An Overview of Winning Traits of an Investment Property

Mike Shouhed Real Estate


The first thing anyone in the investment property profession learns is that there is simply no substitute for an excellent location. Location will determine everything from how much rental income a property can likely bring back to the owner to the appreciation rate a buyer can expect in the years ahead. If an investment property is a commercial property, the buyer is going to want to ensure that the location is attractive to potential business renters. With residential property investment, it will be vital to consider how likely the location is to attract families. This is why investors will look at factors like the crime rate, school ratings in the area, and the amenities and activities nearby.

Downtown Nixa Mark Anderson suggests an investment property he suggests will provide a positive cash flow for his clients straight away. Obviously, positive cash flow can only happen when the incoming funds outweigh the outgoing cash spent on managing and investing in the property. How investors are able to make an accurate prediction on the cash flow of an investment property is through conducting a market analysis. In a market analysis all possible expenses are accounted for and weighed against what similar properties in the area are bringing back via their monthly rent intake.
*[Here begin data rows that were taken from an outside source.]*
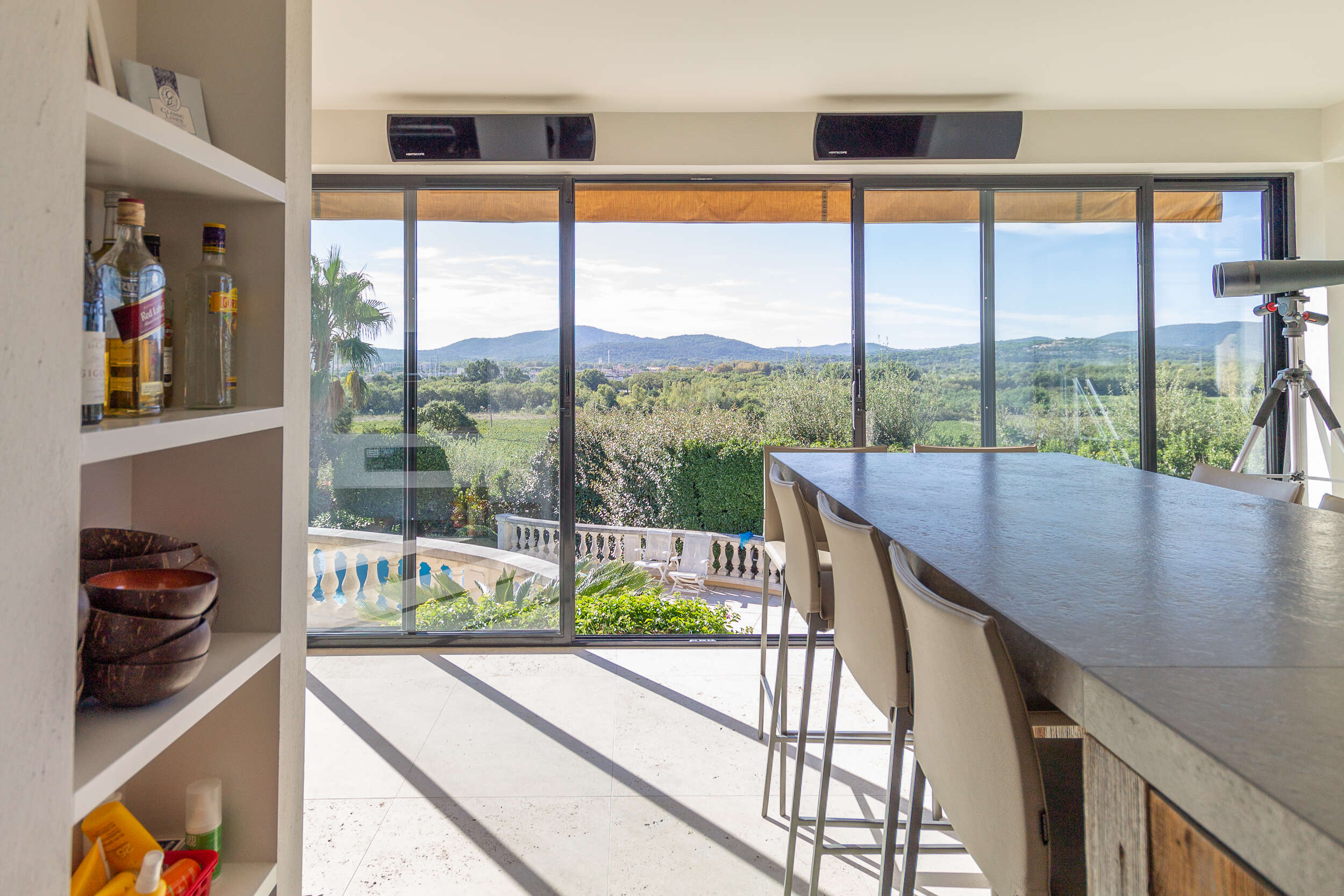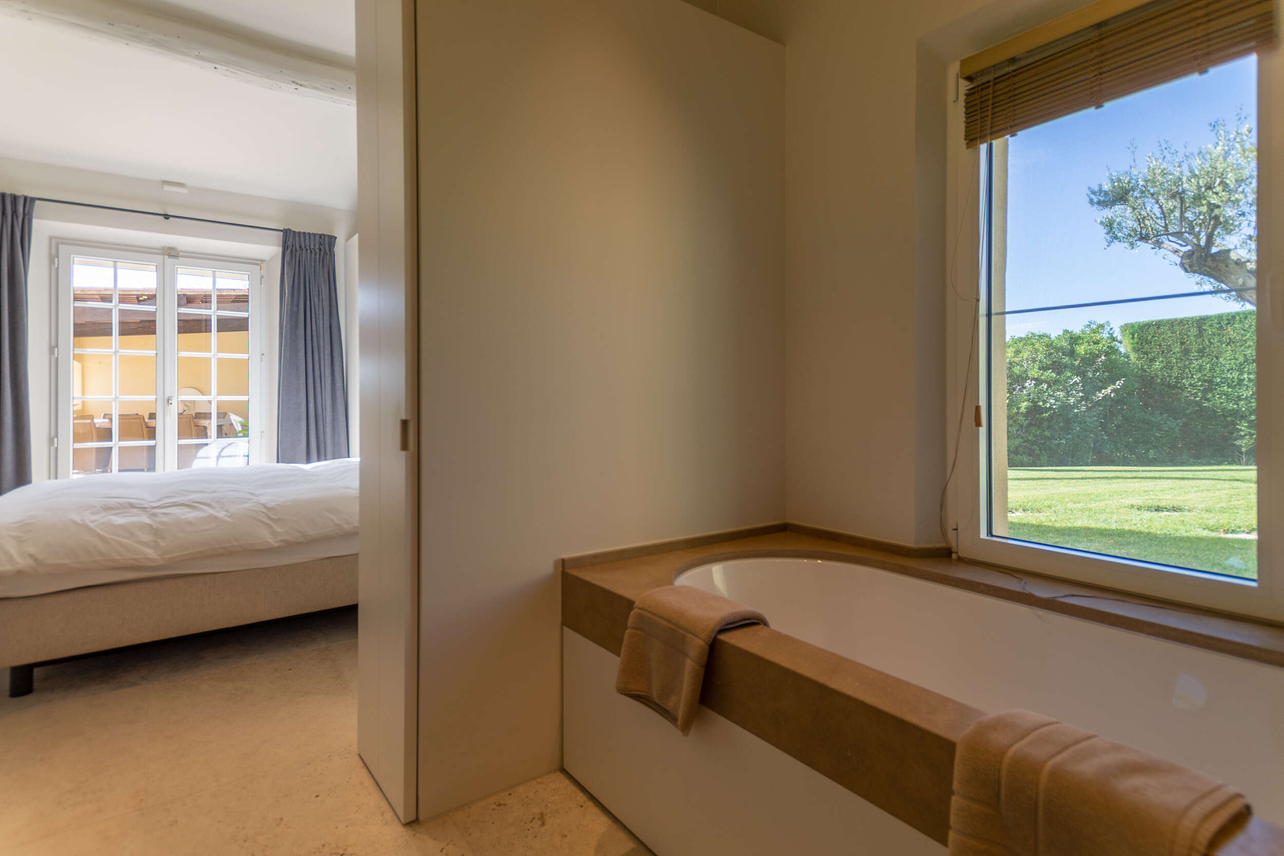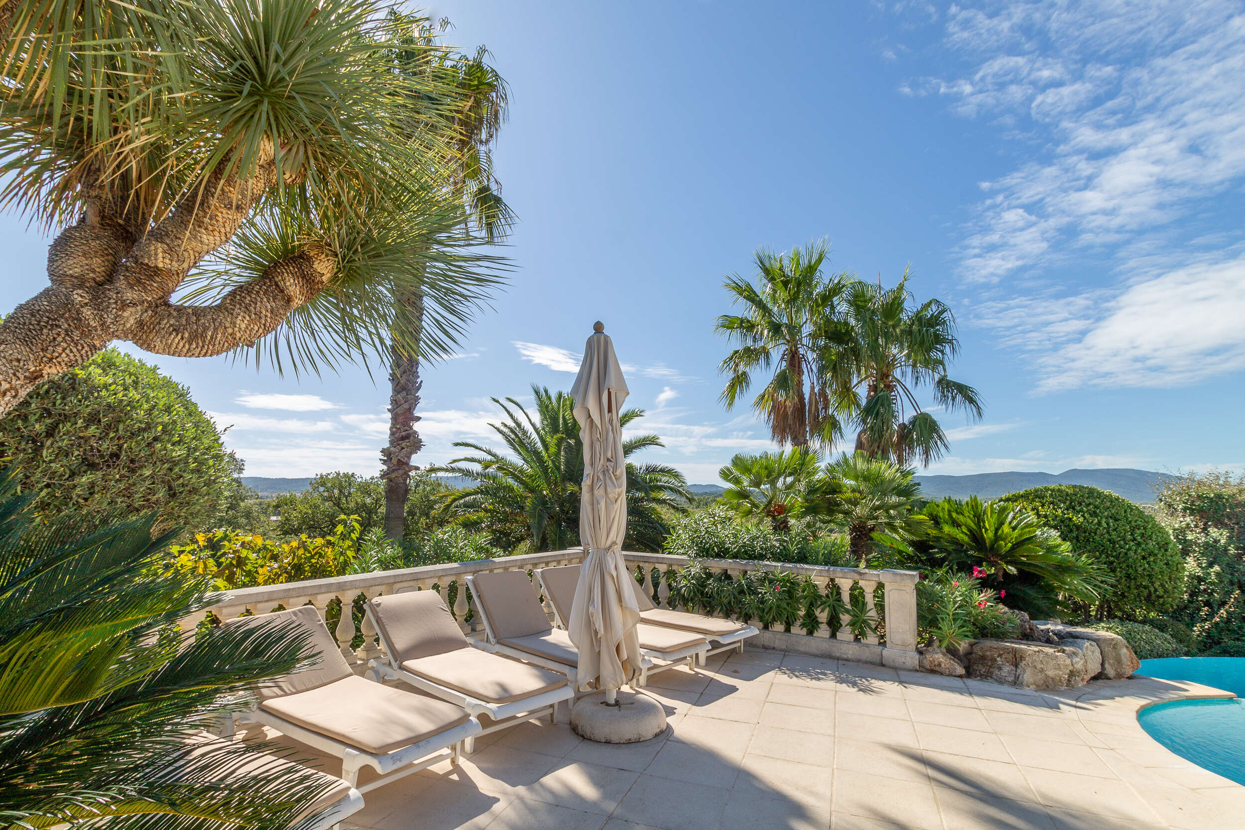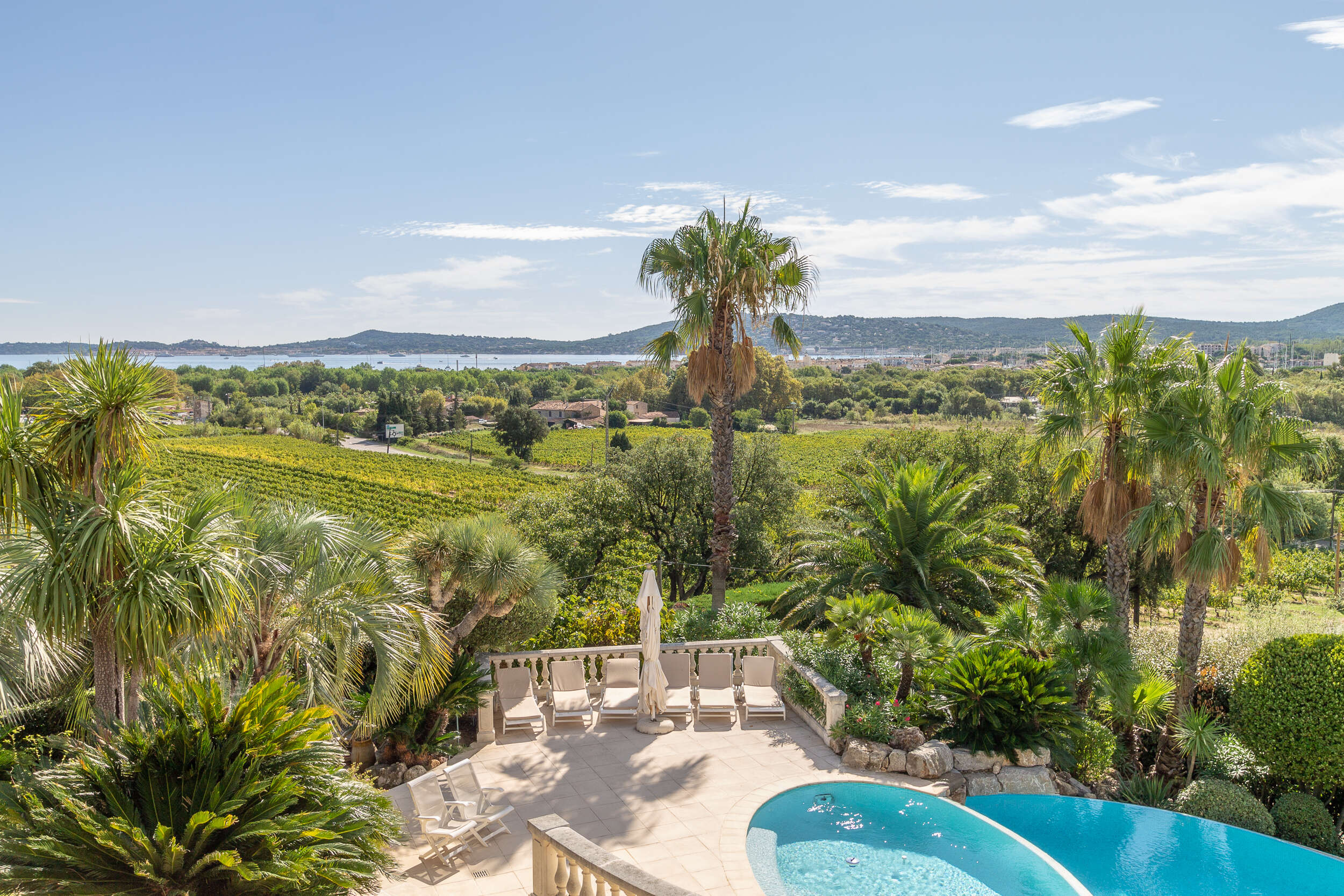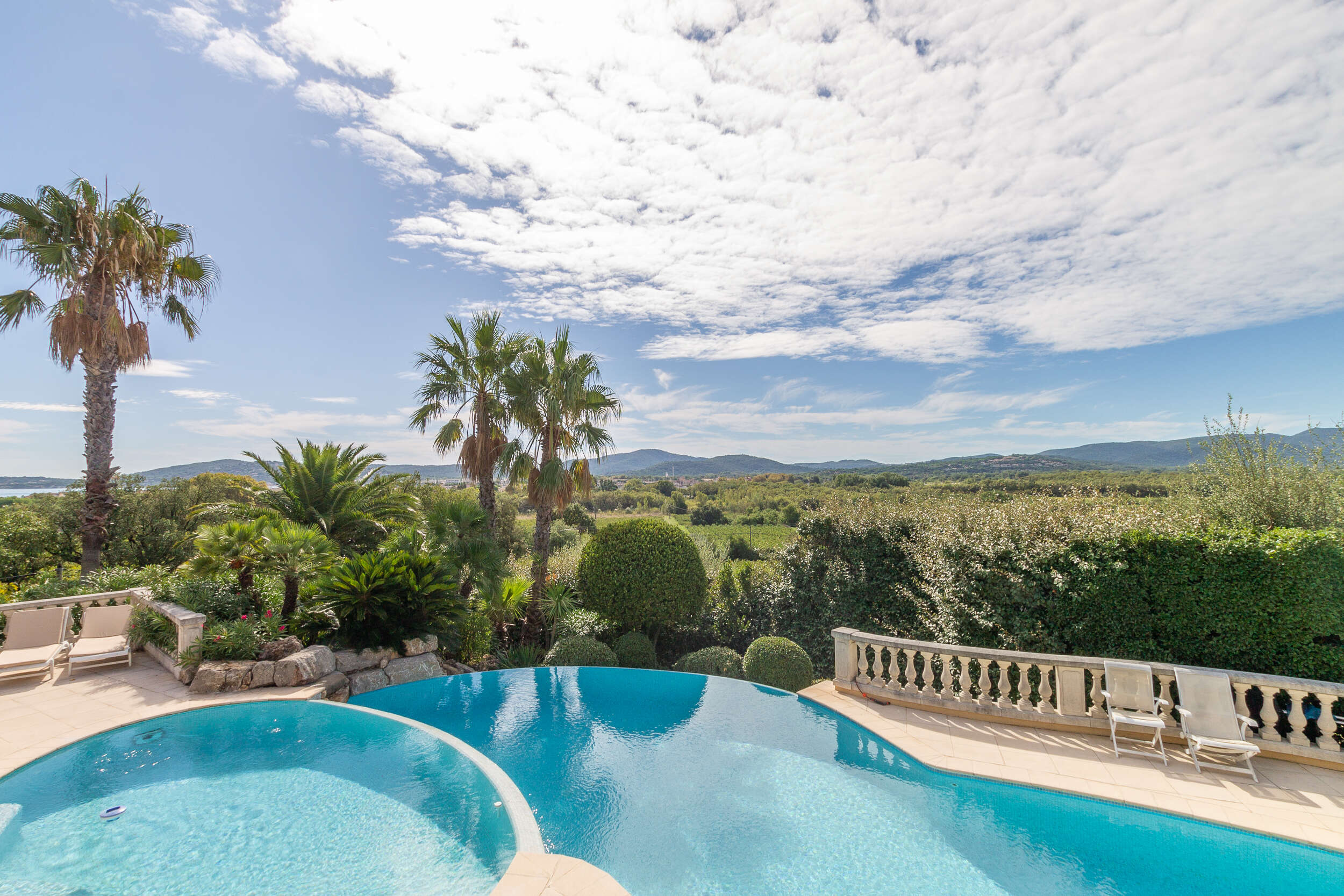 In the beautiful south-facing enclosed garden of this holiday house there are two swimming pools that overflow into each other. The infinity pool offers a view of the surrounding nature. The smallest pool has a sunbathing area with hydromassage. In total there is about 140m2 of pools, the depth goes from 0,10m to 2m. The pools are surrounded by terraces, so you can enjoy the sun every moment of the day. From the higher terrace you have a panoramic view of the sea and in the distance you can see Saint Tropez. At the swimming pool there is also a nice petanque court, great to play with friends or family with an aperitif.
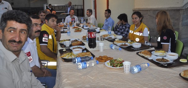 Yüksekova Devlet Hastanesi bahçesinde düzenlenen iftar yemeğine Hakkari Kamu Hastaneleri Birliği Genel Sekreteri Dr. Hakan Türk, Sağlık İl müdürüTülay Mısraklı,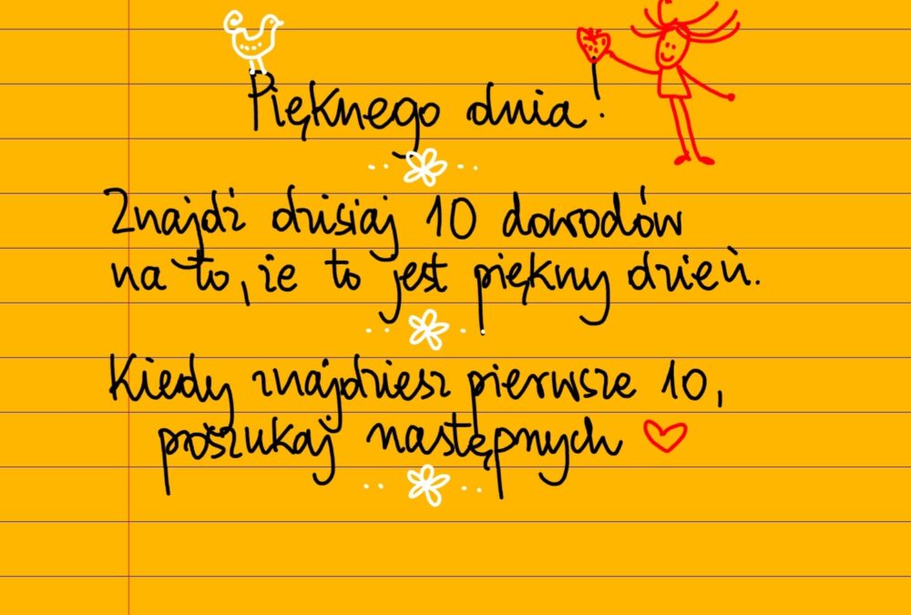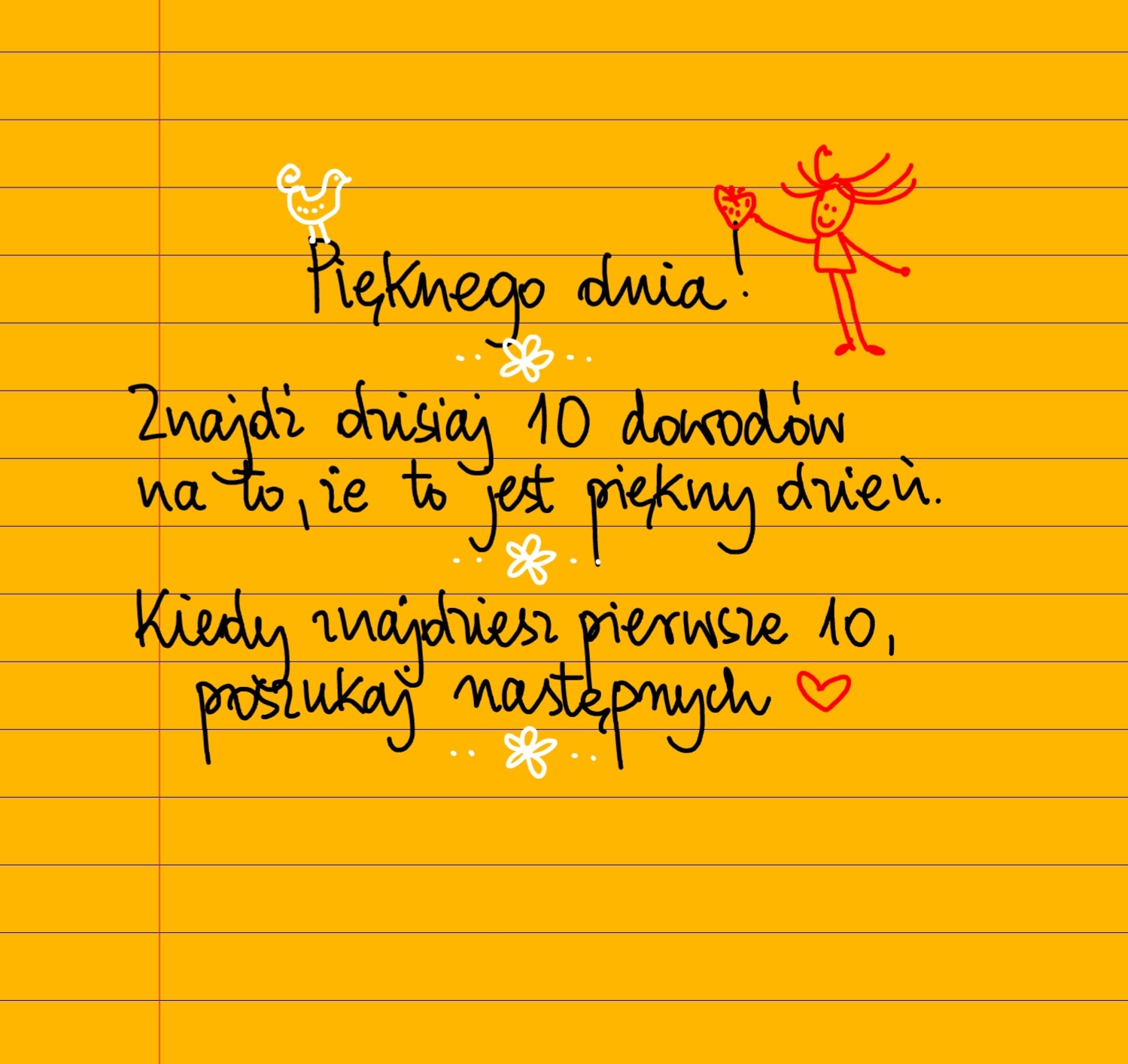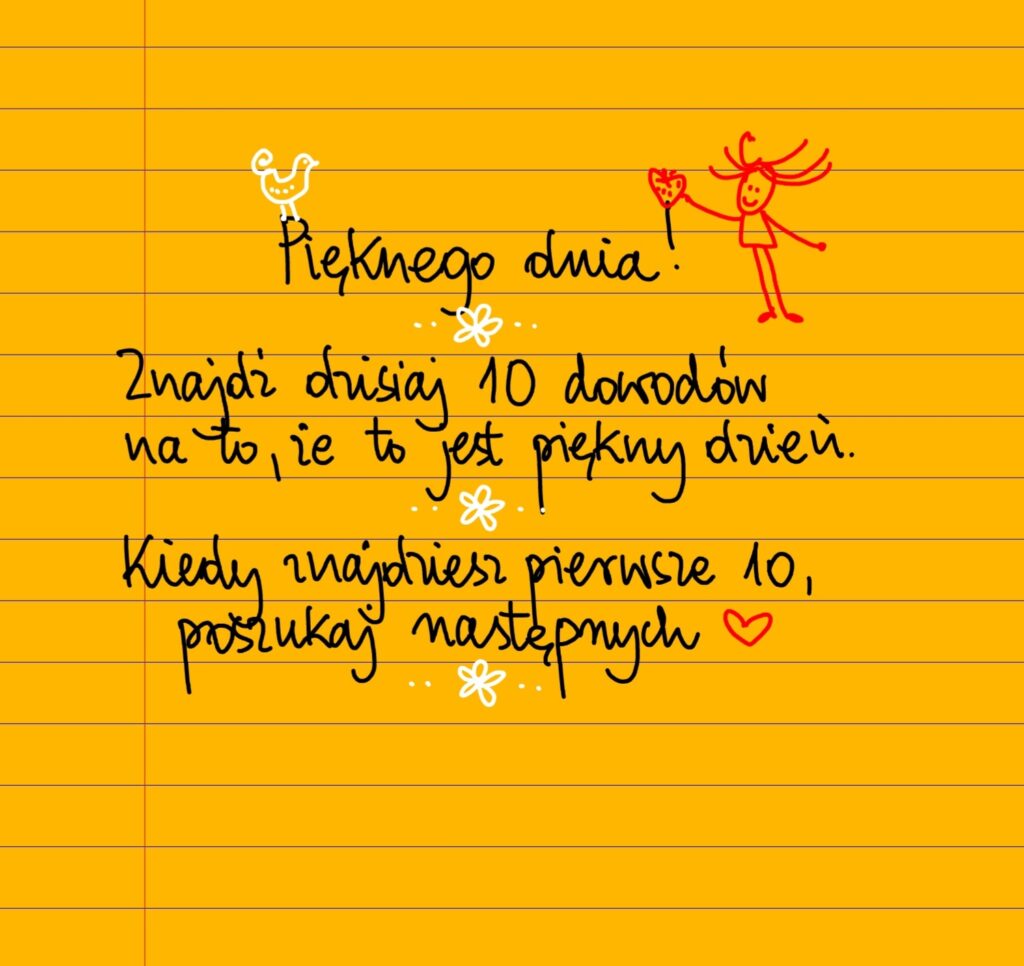 Bez kategorii Dziesięć dowodów wtorek, 11.02.2025 Pięknego dnia! Znajdź dzisiaj dziesięć dowodów na to, że to jest piękny dzień 😊 Kiedy znajdziesz pierwsze dziesięć, poszukaj następnych ❤ Udostępnij na Facebooku

Two terms that those interested in investment property should be accustomed to are capitalization rate and cash on cash return. The cap rate is the net operating income divided by the current market value. The cash-on-cash return is the annual net operating income divided by the total cash invested. In terms of cap rate, investors should be seeking something above 10 percent in order to be profitable. Everyone has different investment goals, but many shoot for properties that can yield an ROI of 20 percent or above.
The last topic Mike Shouhed touches on in this general overview is the importance of learning how to properly identify areas that are likely to see their properties appreciate in value. Savvy investors aren’t just looking at the present, they are tasked with looking into the future. Investors should be looking for properties built in locations where infrastructure development projects are in the works. Areas that are being targeted by the local government for new business hubs can often appreciate rather rapidly for investors.